5) Selecting a plurality of algorithms as classifiers for predicting the classification problems;

6) Different characteristic variable selection mechanisms are established, and a scheme with optimal prediction effect of various classifiers under different characteristic variables is selected;

7) Calculating medicine by using the optimal scheme obtained by training in the step 6)Treatment of diseases or symptoms against the target->The ranking of the medicines in the same kind of medicines is obtained according to the medicine similarity index calculated in the step 1), and the potential side effect of the medicines in the step 1) is +.>Feature words in the dataset are extracted and ranked.

2. The method for evaluating the efficacy of intelligent medicine according to claim 1, wherein the labeling in the step 2) is automatic labeling, emotion analysis is performed according to semantics, the statement is scored as a value from-1 (negative) to 1 (positive) by VADER (Valence Aware Dictionary and sEntiment Reasoner), and 0 is a neutral opinion.
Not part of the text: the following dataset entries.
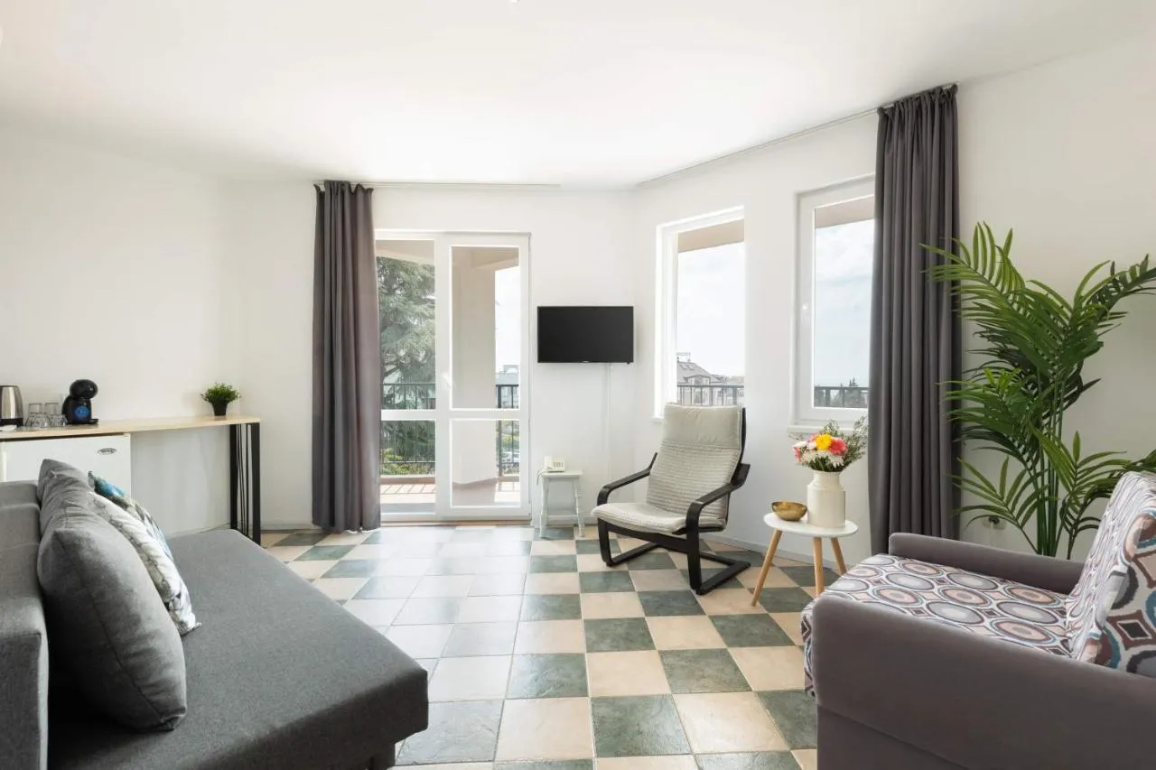 Dimensiuni: 45 mp Numar de camere: 2 camere This suite features 1 living room, 1 separate bedroom and 1 bathroom with a shower and free toiletries. The air-conditioned suite features a flat-screen TV with cable channels, a tea and coffee maker, a seating area, a wardrobe as well as sea views. The unit has 3 beds.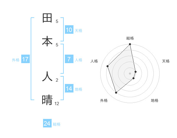 田本 人晴さんの総格は24画の5点!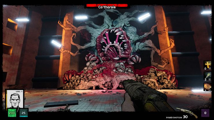 De buenas a primeras, es obvio que Perdóname padre es un cariñoso tributo a los antiguos juegos de disparos en 2.5D, ya que tiene hermosos fondos y sprites al estilo de los cómics, que casi hacen que el juego se sienta como un juego increíblemente bien hecho. Condenar modificación. Perdóname padre también cuenta con una banda sonora de heavy metal que evoca Condenar y se acelera cada vez que aparecen monstruos. La jugabilidad también sigue el estilo retro, con botiquines en lugar de regenerar la salud y niveles que implican encontrar llaves, en lugar de varios pasillos largos cosidos. También hay algunos momentos de disparos en la arena, con el jugador encerrado en una habitación y luchando contra hordas de enemigos para adquirir artículos. El ciclo de juego es tan divertido ahora como lo era a principios de los 90, especialmente para aquellos que aman los juegos de disparos desafiantes.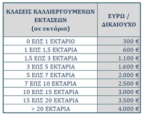 Η συνολική συγχρηματοδοτούμενη ενίσχυση, που προβλέπεται να χορηγηθεί στους δικαιούχους, ανέρχεται σε 126,3 εκατομμύρια ευρώ και αφορά κατ’ αποκοπή εφάπαξ ποσό σύμφωνα με τις ακόλουθες κλάσεις (με βάση την έκταση που αυτοί εμπίπτουν, αθροιστικά για ελιά ελαιοποιήσιμη ή/και διπλής κατεύθυνσης):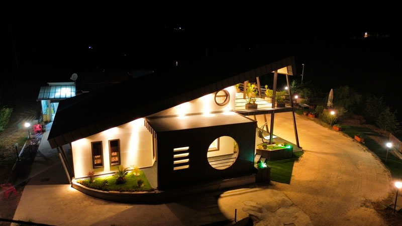 L’edificio si articola su due livelli, seguendo un concetto architettonico semplice e al tempo stesso ricercato. Lo sviluppo della villa è prevalentemente orizzontale, occupando con forma regolare lo spazio in pianta a livello del terreno, con un accento originale e discreto, costituito dall’elevazione del primo piano mansardato, dotato di una grande terrazza a loggiato. Il lato dell’ingresso, protetto da una struttura a loggiato, crea una piacevole variazione alle forme lineari, con due aperture rotonde, che danno carattere all’insieme rispettandone le armonie geometriche. Anche la grande copertura segue lo stesso linguaggio, con una superficie ampia e regolare ad una sola falda, che con la sua semplicità esprime eleganza e piena integrazione con il paesaggio, grazie anche alla scelta del colore marrone bruno del rivestimento in tegole di alluminio.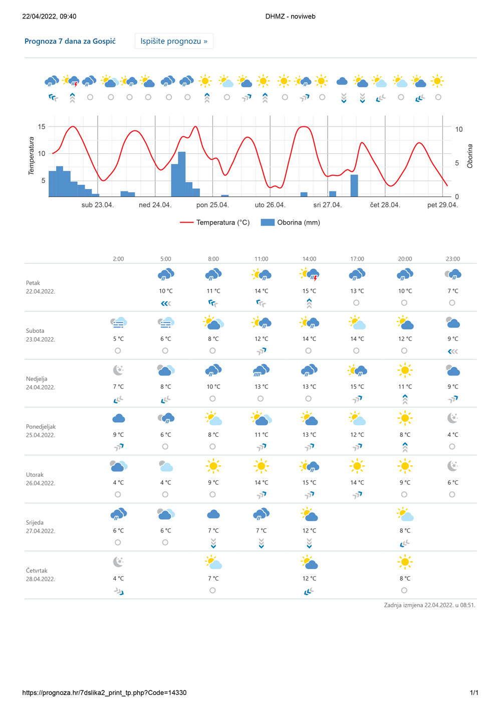 Prevladavat će oblačno s kišom, uglavnom u Lici oko sredine dana i poslijepodne moguć je i poneki pljusak s grmljavinom. Vjetar slab do umjeren sjeveroistočni, u Lici jugoistočni i južni. Najviša temperatura uglavnom između 10 i 14 °C.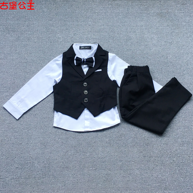 Flower boy boy dress suit autumn trendy suit British children baby children's trousers vest boy costume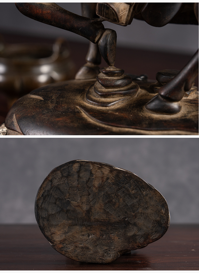 清 沈景修款端石狮纹辟雍砚(红木天地盖)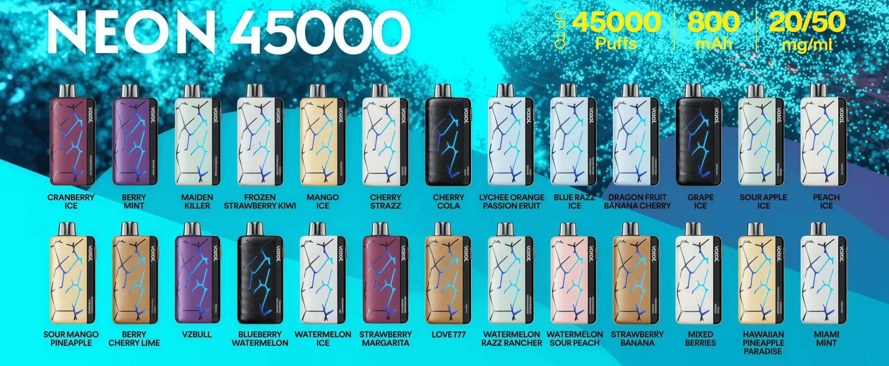 Vozol Neon 45000 45K Puffs Adjustable 4 Ice Level Disposable Vape Flavor List

3. The method for evaluating the efficacy of intelligent medicine according to claim 2, wherein the automatic labeling in the step 2) is followed by manual verification.
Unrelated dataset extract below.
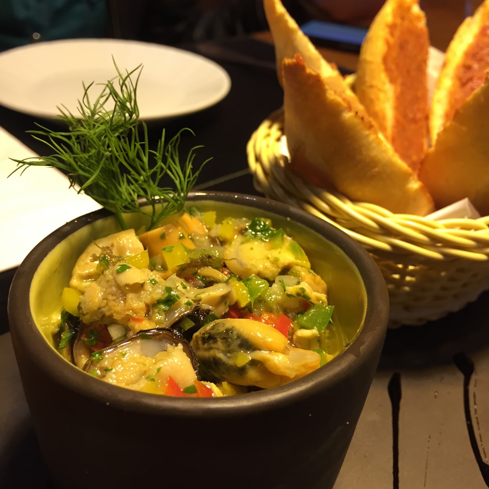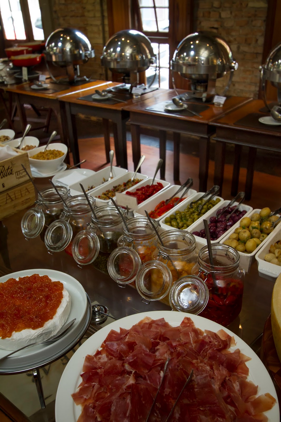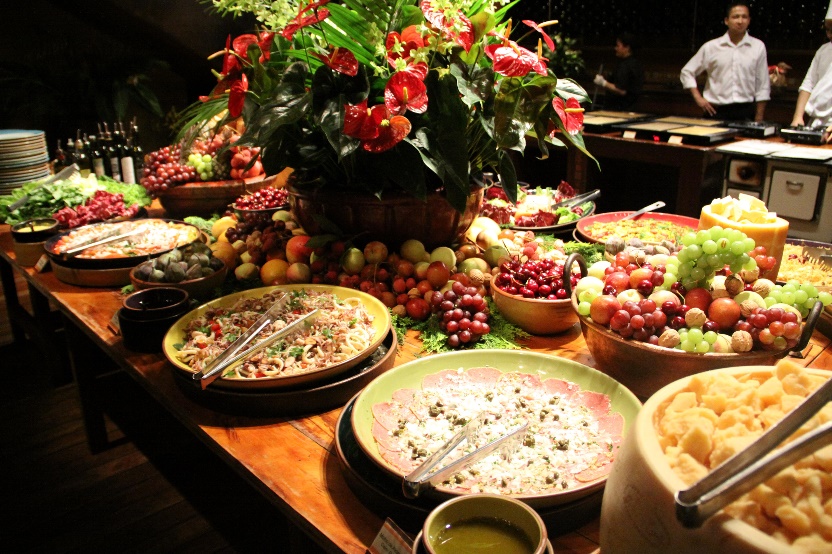 Antepastos: 11 tipos de antepastos entre eles: Homus, Coalhada seca, Babaganoush, Caponata de berinjela, Jamón Serrano, Brie aquecido com geléia de damasco, Gran Formaggio R.A.R. 12 meses de cura (tipo Grana Padano), entre outros.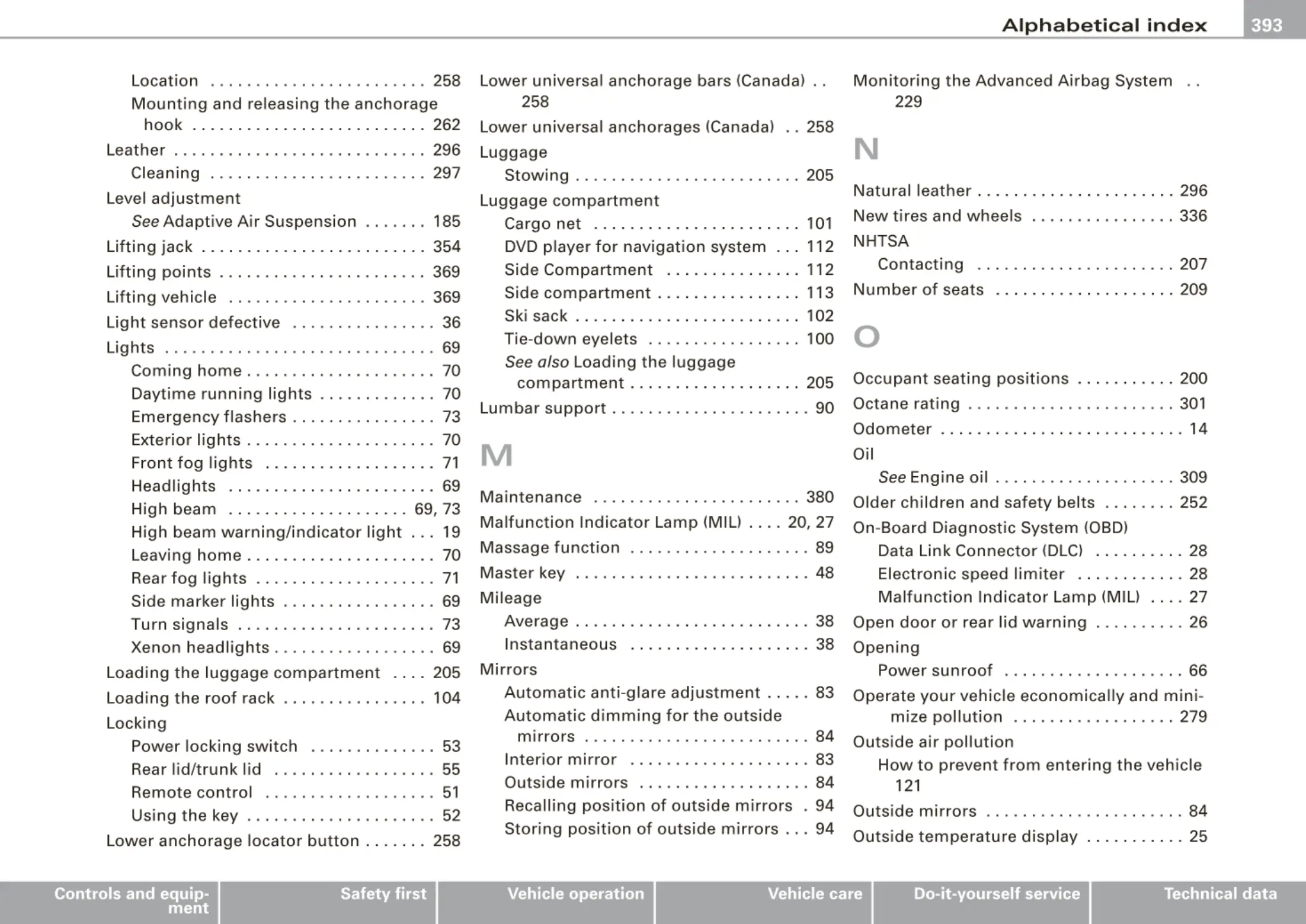 Loading the luggage compartment . .. . 205

4. The method for evaluating the efficacy of treatment of intelligent drugs according to claim 1, wherein the training set and the validation set in the step 4) can be classified into 8:2 or 7:3.
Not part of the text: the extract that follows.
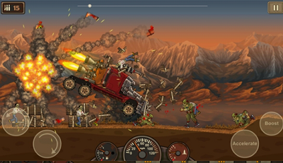 游戏的操作很简单,按下右边的加速按钮,汽车就启动了。玩家需要做的就是通过汽车左边的控制按钮控制汽车的平衡。玩家在游戏中的目的就是要越过重重的僵尸群,朝着下一个村落进发。所以请狠命的将车往僵尸们身上撞吧。游戏可不是一味的狂奔,车辆都有汽油的限制,一旦汽油消耗完了或者车辆完全停下来,挑战也就失败了。当然失败并没有关系,将挑战得来的钱拿去升级装备吧。升级之后又可以开始全新的一天的挑战。
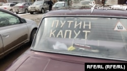 На заднем стекле автомобиля ученого из новосибирского Академгородка Игоря Просанова – надпись крупными буквами: "Путин капут". Из-за нее на Просанова нападали, спускали колеса, забирали в полицию. Полицейские и "люди в штатском", подкараулившие недавно его с женой, требовали стереть надпись. А он упорно отказывается сделать это.

5. The method for evaluating the efficacy of treatment of intelligent drugs according to claim 1, wherein the classifiers in the step 5) are four:

a)OneVsRest SVM,

b) Logistic Regression,

c) Random Forest,

d) Bagging meta-estimator with logistic regressor base。

6. the method for evaluating the efficacy of intelligent medicine according to claim 1, wherein the feature variable selection in the step 6) is obtained by combining a specific word occurrence frequency (Count), a word frequency-inverse document frequency (tf-idf, tfidf) and a VADER score, for example:

FS-1：CountVectorizer，

FS-2：CountVectorizer +VADERscore，

FS-3: countVectorizer top 10000 feature vector + vaderrscore,

FS-4：TfidfVectorizer,

FS-5：TfidfVectorizer +VADERscore,

FS-6: tfidfVectorizer top 10000 eigenvectors+vaderrscore.

7. The method for evaluating the efficacy of intelligent medicine according to claim 1, wherein the scheme with the optimal prediction effect in the step 6) is obtained by evaluating F1 score, where f1score=2 (Recall Precision)/(recall+precision); where Recall = true positive/(true positive + false negative), precision = true positive/(true positive + false positive).

8. The method for evaluating the efficacy of a smart drug according to claim 1, wherein the step 1) is characterized by a drug similarity indexThe calculation method of (1) is as follows: let us assume medicine->The corresponding target for treating diseases or symptoms is +.>The method comprises the steps of carrying out a first treatment on the surface of the MedicineThe corresponding target for treating diseases or symptoms is +.>The method comprises the steps of carrying out a first treatment on the surface of the Then->。

9. A machine learning based intelligent drug efficacy evaluation application, characterized in that a plurality of functions can be realized according to the method of any one of claims 1 to 8, comprising:

function 1) evaluating curative effect of a certain medicine, inputting medicine name, obtaining medicine effectiveness score, ranking in the same kind of medicine and ranking side effect;

function 2) searching for corresponding medicines aiming at a certain disease or symptom, inputting names of single or multiple diseases or symptoms, and obtaining single or multiple corresponding medicine effectiveness scores, ranks and ranks of side effects of each medicine;

function 3) ranking the effectiveness of the medicines, the medicines of the same type and side effects thereof aiming at multi-dimensional crowds with different ages, sexes, race, weddings and regions.